The factors of a polynomial are (x + 3)(x - 2)(x + 7). How do the zeros relate to the factors?
Can someone explain this to me because I am so lost?
The zeros are always the opposite sign of their value in the factors.
Example:
(x-2)
The value in this factor is -2 but when you solve for x to find your zero it would be +2.
Certainly! I can help you with understanding the relationship between the factors of a polynomial and its zeros.
To begin, let's understand what zeros of a polynomial are. Zeros, also called roots, are the values of 'x' that make the polynomial equal to zero. In other words, they are the values that solve the polynomial equation when it is set to zero.

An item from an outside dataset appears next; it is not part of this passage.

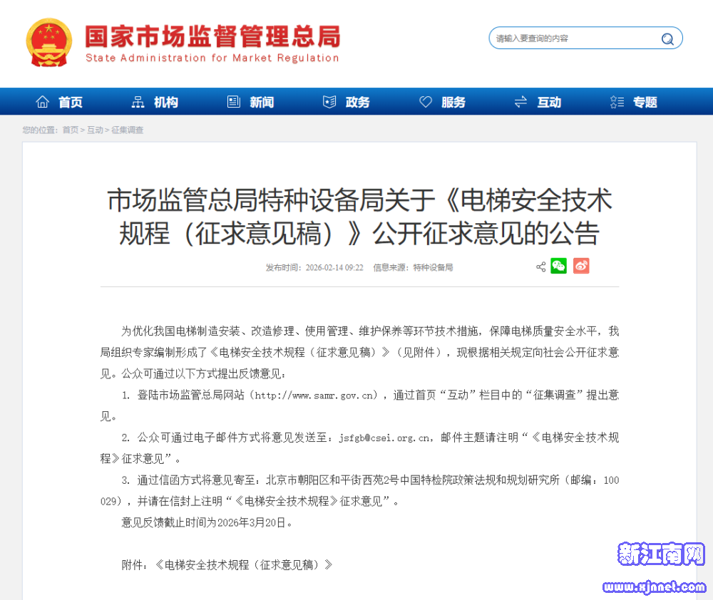 为优化我国电梯制造安装、改造修理、使用管理、维护保养等环节技术措施,保障电梯质量安全水平,我局组织专家编制形成了《电梯安全技术规程(征求意见稿)》(见附件),现根据相关规定向社会公开征求意见。公众可通过以下方式提出反馈意见:

Now, in your case, the factors of the polynomial are given as (x + 3)(x - 2)(x + 7). When factoring a polynomial, we break it down into simpler expressions called factors. In this case, we have three factors: (x + 3), (x - 2), and (x + 7).
To find the zeros of the polynomial, we set each factor equal to zero and solve for 'x' separately:
Setting (x + 3) = 0, we get:
x + 3 = 0
x = -3
Setting (x - 2) = 0, we get:
x - 2 = 0
x = 2
Setting (x + 7) = 0, we get:
x + 7 = 0
x = -7
So, the zeros of the polynomial (also known as the solutions to the equation) are x = -3, x = 2, and x = -7.
The relationship between the factors of the polynomial and its zeros is that each factor corresponds to a particular zero. In this case, the factor (x + 3) corresponds to the zero x = -3, the factor (x - 2) corresponds to the zero x = 2, and the factor (x + 7) corresponds to the zero x = -7.
Therefore, if you set the polynomial equal to zero and solve for 'x', you will find that the zeros of the polynomial are exactly the values that make each factor equal to zero.
I hope this explanation clears up your confusion! Let me know if you have any further questions.